### PROVIDED RECORDS
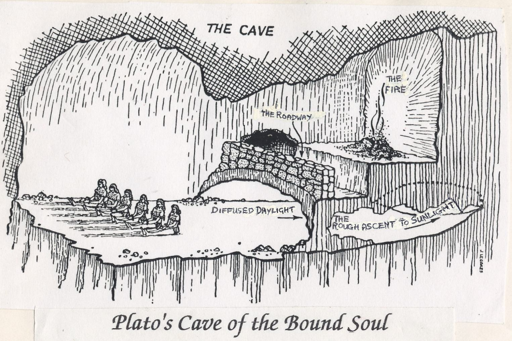 一群囚犯生活在洞穴中,手脚被捆住,无法转身,只能背对着洞口。他们前面是一堵墙,身后燃烧着一堆火,他们在墙上看到自己和事物的影子,认为这些影子是真实的。后来有人爬出了洞穴,才发现了真正真实的世界。
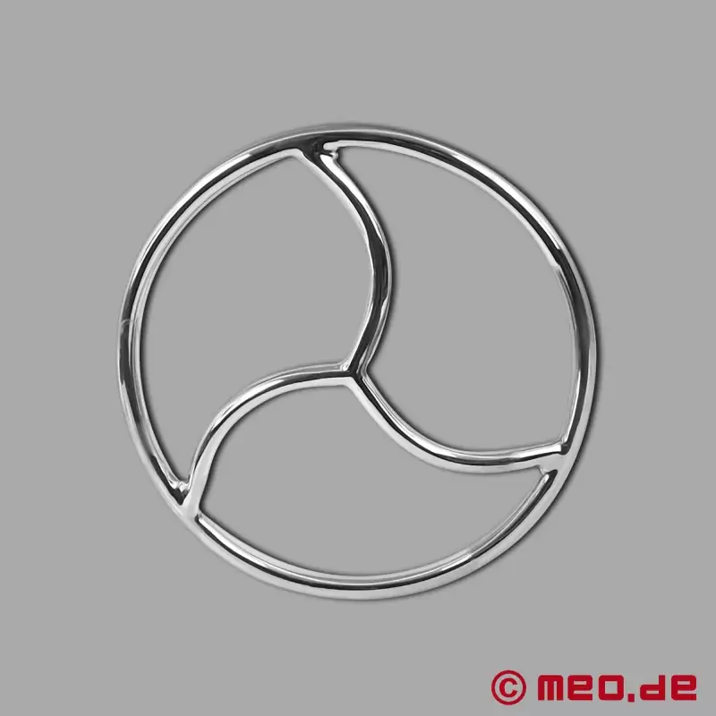 このしばりリングの目を引く特徴は、いわゆる三叉にある。この緊縛リングはステンレス鋼製だ。MEOのしばりリングを使えば、ロープによる吊り上げがずっと簡単になる。ロープは3つのセグメントのいずれかに直接通して引っ張ることができる。これにより、個々のロープをより正確に導くことができ、緊縛中の楽しさと安全性がより保証される。
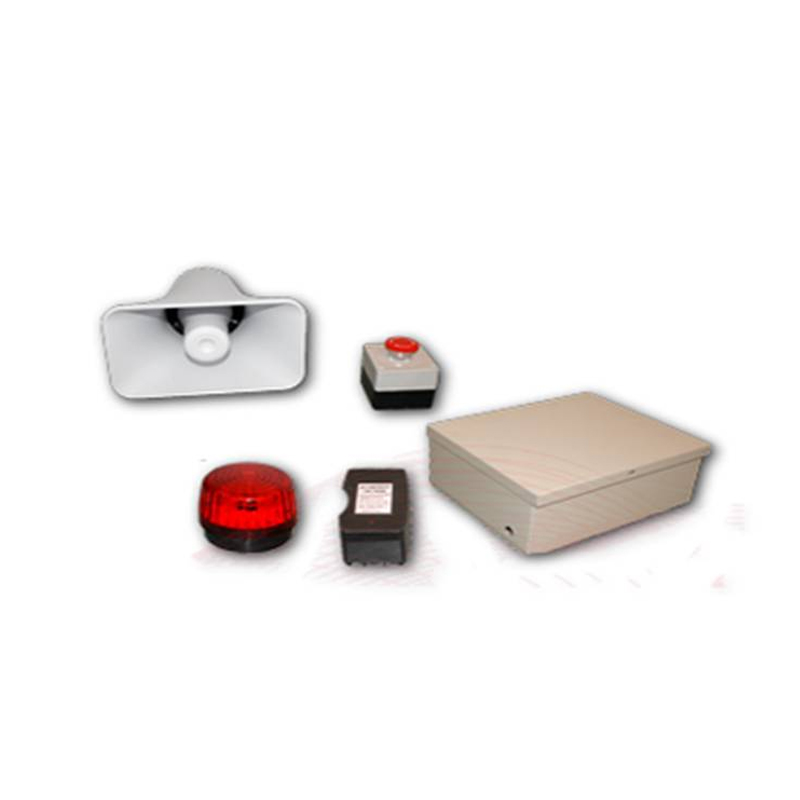 Sistema de alarma para utilizarse en caso de emergencia, mediante activación manual donde al presionar el botón pulsador, se activa de manera inmediata la señal auditiva y luminosa con una intensidad de 75 dB. Tiene la característica de operar con toma de corriente alterna a 120 Volt y con batería de respaldo de larga duración (12 Volt).
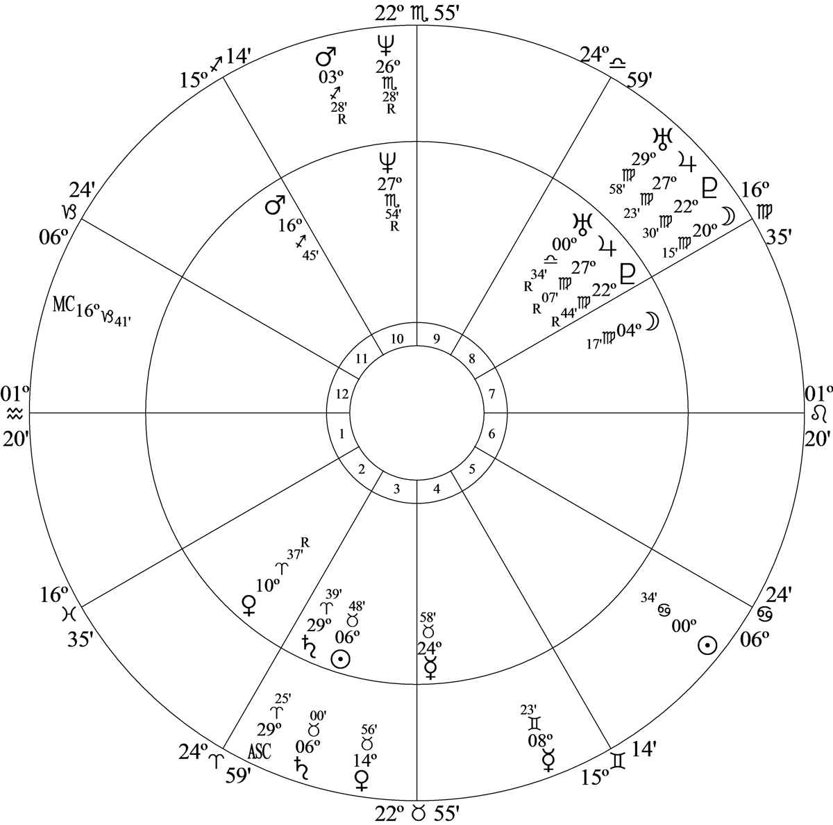 Mercury dominates from house 4. It’s square Moon, trine Jupiter, trine Uranus, opposition Neptune and trine Pluto. With Mercury square (obstacle) Moon in house 7 he’s never married.
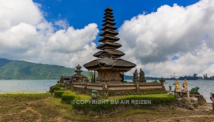Vervolgens bezoeken we de meest gefotografeerde tempel van Bali, de Pura Ulun Danu Bratan. Deze tempel is gewijd aan de godin Dewi Danu, de godin van het water, de meren en de rivieren. Het complex is gebouwd in 1633 en is verdeeld over verschillende eilandjes. De Meru pagode, met elf daken is gewijd aan Shiva en zijn gemalin Parvati. Het Bratan meer staat bekend als een heilig bergmeer. Het altaar in de Pura Ulun Danu Bratan stond jaren geleden in een lager gelegen tempel. Bij de uitbarsting van de vulkaan Batur in 1926 werden zowel het dorp als de tempel onder lava bedolven en bleef alleen het altaar van Dewi Danu gespaard. Daarom verhuisde de dorpelingen het altaar naar deze hoger gelegen tempel.
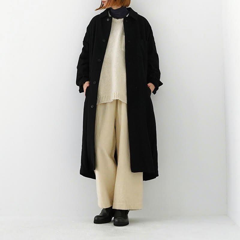 普遍的な新しさをテーマに、カッティングやテキスタイルにこだわり、シンプルながらこだわりを感じることが出来る飽きの来ない衣服を生み出すブランド「ゴーシュ」。 こちらはウールとキャメルを混紡したツイルを起毛した、柔らかく肌触りの良いコートです。着ていただくと軽やかで上品な佇まいです。軽さを活かすために裏地はなく、バックスリットも入っているので足さばきもしやすくなっております。 シンプルなデザインで、マフラーやシューズ、バックなどの小物のアレンジも楽しんでいただきやすいです。袖口はボタンですぼめられるようになっております。 ※ライトベージュは、素材感の楽しめる未晒し(毛のままの色)です。 23AW size: 2 着丈104cm 肩幅63cm 身幅60cm 袖丈45cm color: ライトベージュ / ダークブラウン / ブラック material: 綿52%(裏地),ウール38% , キャメル10% model: 158cm(ライトベージュ、ブラック着用) 取り扱い店舗・・・dieci kyutaro店 2F 着用アイテム:ニット
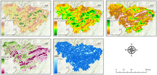 Resource availability features: (a) ALSV, (b) Biodiversity, (c) SOCC, (d) Forest age, (e) DISI.
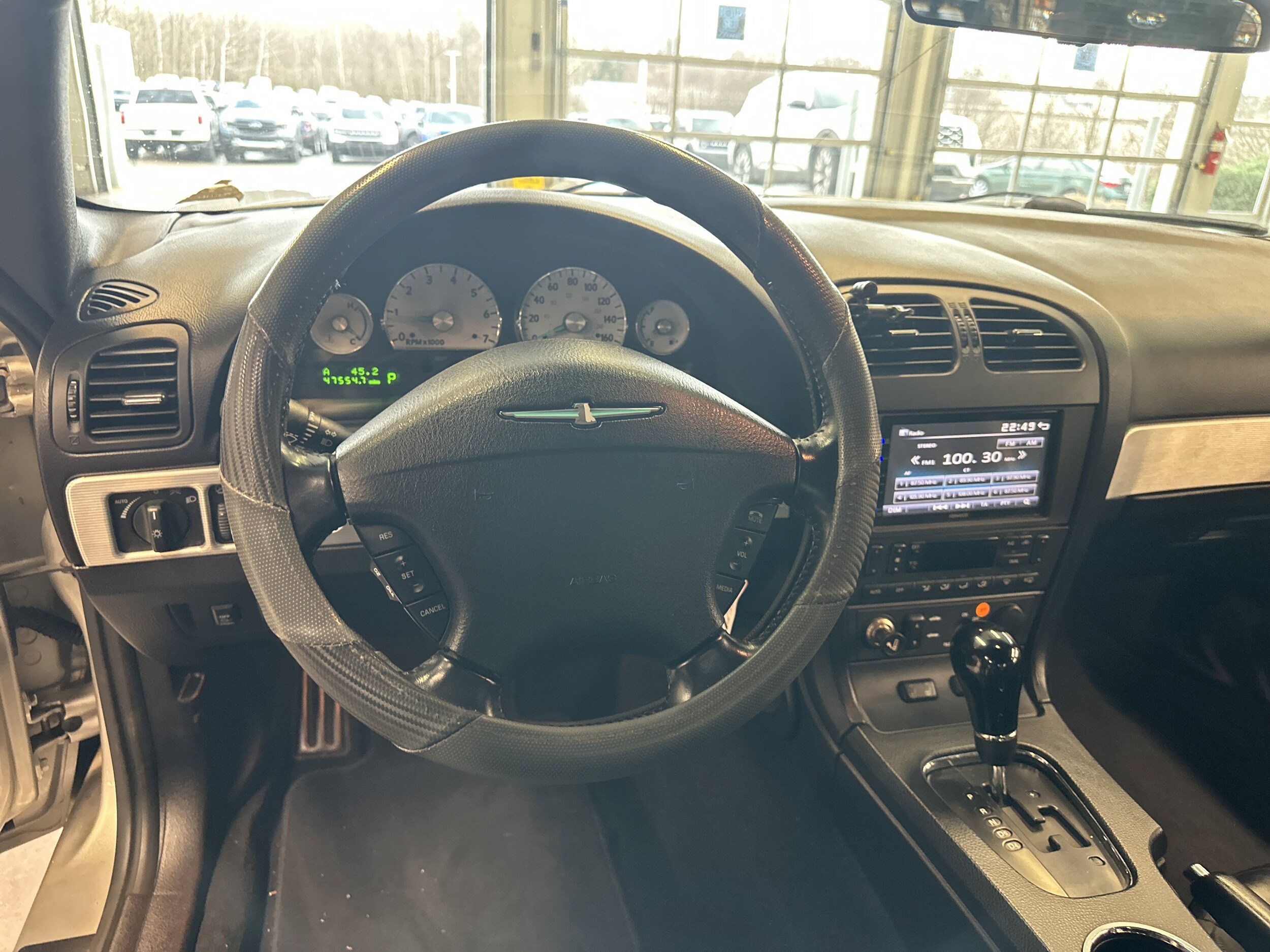 Clean Carfax! Local trade! Hard top with stand! Vogue Custom Built Radial VIII Red Stripe Tires! 2D Convertible, 3.9L V8 DOHC 32V, 5-Speed Automatic, RWD, Black Ink with Reclining Heated Front Leather Bucket Seats, 17" 16-Spoke Micro-Machined Wheels, Automatic temperature control, Fully automatic headlights, Garage door transmitter: HomeLink, Glass rear window, Power driver seat, Reclining Heated Front Leather Bucket Seats, Removable Top with Heated Glass Rear Window. Clean Carfax. Platinum Silver 2004 Ford Thunderbird Deluxe. All vehicles are subject to prior sale. Price does not include applicable tax, title, license, and a $398.00 documentation fee or other fees required by law, lending institutions, and/or lessors. Vehicles shown at different locations are not currently in our inventory (not in stock) but can be made available at our location within a reasonable time after your request. The payment information provided here is not a commitment by any organization to provide credit, leases or other programs.
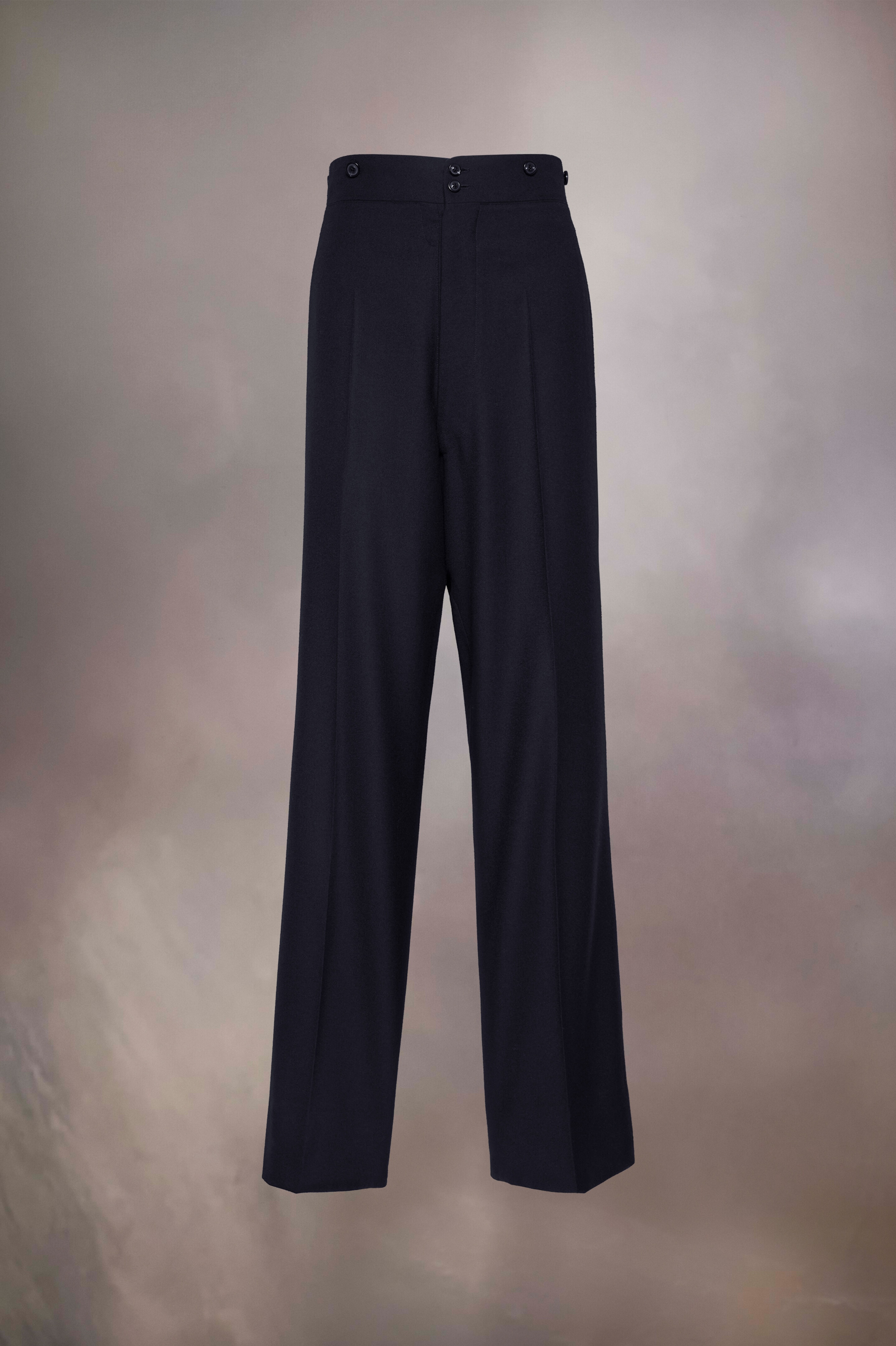 The wide-leg trousers are crafted from barathea wool with pleats and the Margiela hook closure. The waist features buttons to close as well as additional buttons and a buckled back for an adjustable fit. Maison Margiela's signature, the Four stitches, appear at the back; the opposite of a label. Product Details Item ID S50KA0654M35203524 Composition: 100% wool Lining: 80% cotton, 20% polyester Pocket lining: 100% cotton Wool barathea trousers Wide leg Front pleats Horn button closure Maison Margiela hook Side pockets Adjustable at the back Four stitches at the back Made in Italy Model is 6'2" tall and wears a size 46.
######
» **TASK TO COMPLETE**
Up to and including the line with "Mercury dominates from", repeat every line from the top of the entries exactly, but not the pictures.

» **RESULT BELOW**
 一群囚犯生活在洞穴中,手脚被捆住,无法转身,只能背对着洞口。他们前面是一堵墙,身后燃烧着一堆火,他们在墙上看到自己和事物的影子,认为这些影子是真实的。后来有人爬出了洞穴,才发现了真正真实的世界。
 このしばりリングの目を引く特徴は、いわゆる三叉にある。この緊縛リングはステンレス鋼製だ。MEOのしばりリングを使えば、ロープによる吊り上げがずっと簡単になる。ロープは3つのセグメントのいずれかに直接通して引っ張ることができる。これにより、個々のロープをより正確に導くことができ、緊縛中の楽しさと安全性がより保証される。
 Sistema de alarma para utilizarse en caso de emergencia, mediante activación manual donde al presionar el botón pulsador, se activa de manera inmediata la señal auditiva y luminosa con una intensidad de 75 dB. Tiene la característica de operar con toma de corriente alterna a 120 Volt y con batería de respaldo de larga duración (12 Volt).
 Mercury dominates from house 4. It’s square Moon, trine Jupiter, trine Uranus, opposition Neptune and trine Pluto. With Mercury square (obstacle) Moon in house 7 he’s never married.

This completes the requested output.